Después de la guerra de Secesión, una visible ordinariez se impuso en New Prospect con la construcción del recargado ayuntamiento, un conjunto deslabazado de torreones de inspiración morisca, con arcos redondeados y ornamentos de hierro rococós, coronado por una enorme torre con tejado abuhardillado. Las empinadas vertientes del tejado están recubiertas de tablillas multicolores como escamas de pez y sostienen cuatro esferas de reloj blancas que, si las bajaran a la Tierra, serían del tamaño de un estanque. Los anchos canalones y cañerías de cobre, monumentos a los hábiles metalistas de la época, se han vuelto con el tiempo de un color verde menta. A esta mole municipal -cuyos cometidos burocráticos esenciales fueron trasladados en su día a edificios menos nobles y más modernos, menos espectaculares pero con aire acondicionado y calefacción- le han otorgado recientemente, tras muchas presiones, la categoría de monumento arquitectónico nacional. Puede verse desde el Central High School, a una manzana hacia el oeste; más allá de los jardines del instituto, antiguamente extensos, que han sido recortados a mordiscos por ensanches y recalificaciones inmobiliarias toleradas por funcionarios corruptos.

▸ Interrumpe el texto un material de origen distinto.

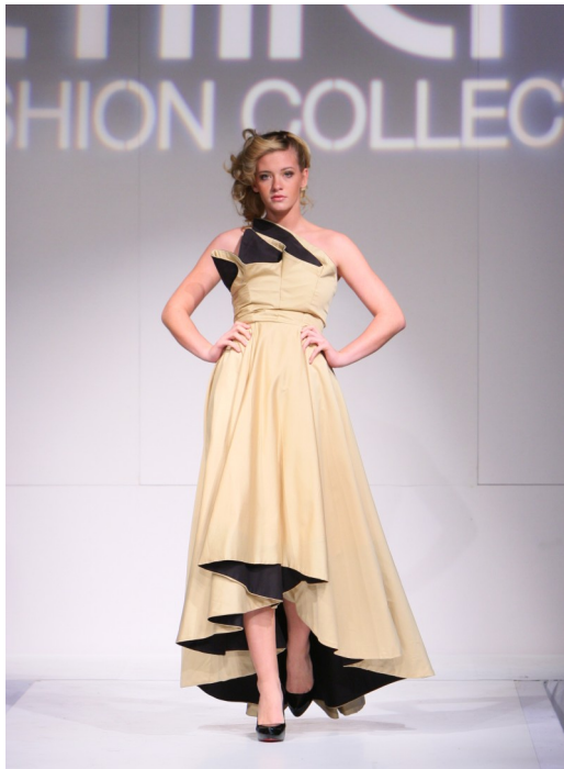
Ethical Fashion Collective Runway Show New York Fashion Week

The showrooms focus on marketing, sales and promotional solutions for lifestyle companies that are effective in the quickly evolving global market. The out-of-the-box approach helps designers capture the attention of an ever-changing audience, creatively incorporating social media and digital techniques in marketing campaigns and promotions.
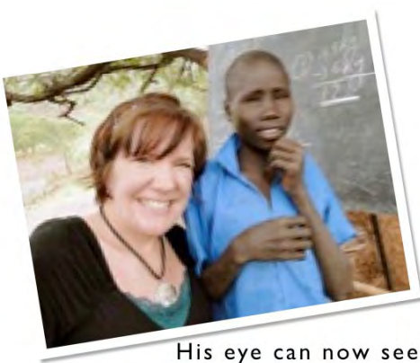
His eye can now see!!!!
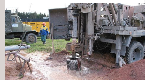
■ Hydrogeological survey - Benešovice

En la orilla oriental del mar de escombros, donde los aparcamientos en calma se intercalan con las marejadillas de los montones de ladrillos de los derribos, una iglesia de gruesos muros recubiertos de mayólica sostiene una pesada aguja y anuncia, en un cartel agrietado, la actuación de su coro, distinguido con varios premios. Las ventanas de la iglesia, que, blasfemas, otorgan a Dios un rostro, manos gesticulantes, pies con sandalias y ropas teñidas -en resumen, un cuerpo humano con todos sus estorbos e impureza-, están ennegrecidas por décadas de hollín de las industrias y aún más emborronadas por las rejillas de alambre que las protegen. Las imágenes religiosas ahora atraen el odio, como en las guerras de la Reforma. Los días gloriosos de la iglesia, con sus decorosos y píos burgueses blancos acomodados en los bancos asignados jerárquicamente, también pertenecen al pasado. Los feligreses actuales son afroamericanos que traen su religión desaliñada y estridente; su galardonado coro les disuelve el cerebro con un éxtasis rítmico tan ilusorio como -el sheij Rachid es quien trae con sarcasmo la analogía- el trance convulso y mascullante del candomblé brasileño. Es aquí donde Joryleen canta.

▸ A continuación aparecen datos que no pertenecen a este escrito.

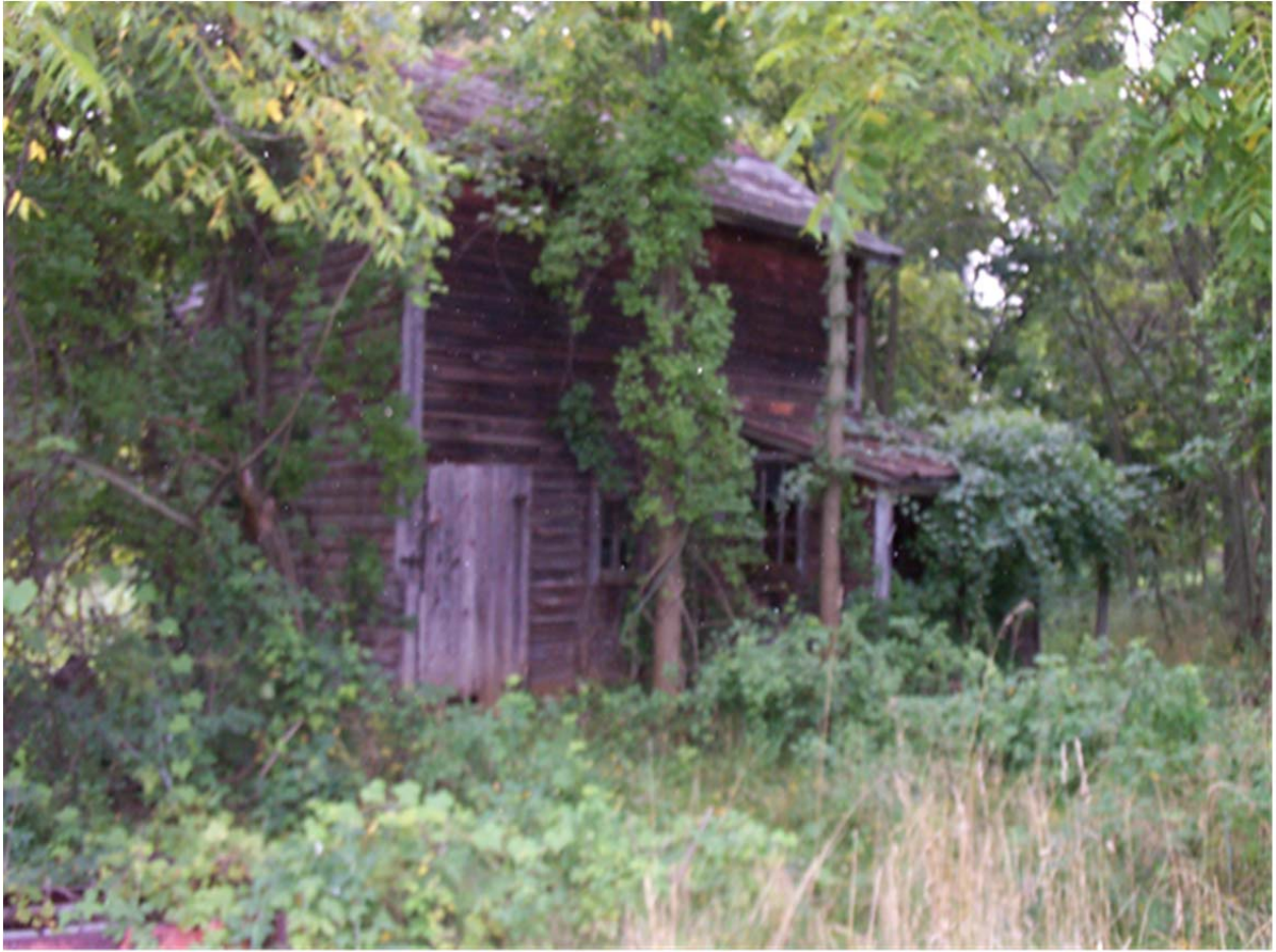
Figure 11 - Existing Barn #1 – Right View

Al día siguiente de la invitación, el novio de Joryleen, Tylenol Jones, se acerca a Ahmad en el vestíbulo. Su madre, después de dar a luz un niño de cuatro kilos y medio, vio el nombre en televisión, en un anuncio de analgésicos, y le gustó cómo sonaba.
– Eh, árabe -le dice-, me han dicho que te has metido con Joryleen.
Ahmad intenta hablar su mismo idioma:
– Ni de coña, qué me voy a meter con ella. Hablamos un poco. Y fue ella la que vino a buscarme.
Con cuidado, Tylenol agarra a Ahmad, que es más esbelto, por el hombro y le clava el pulgar en la zona sensible que hay bajo la bola del hueso.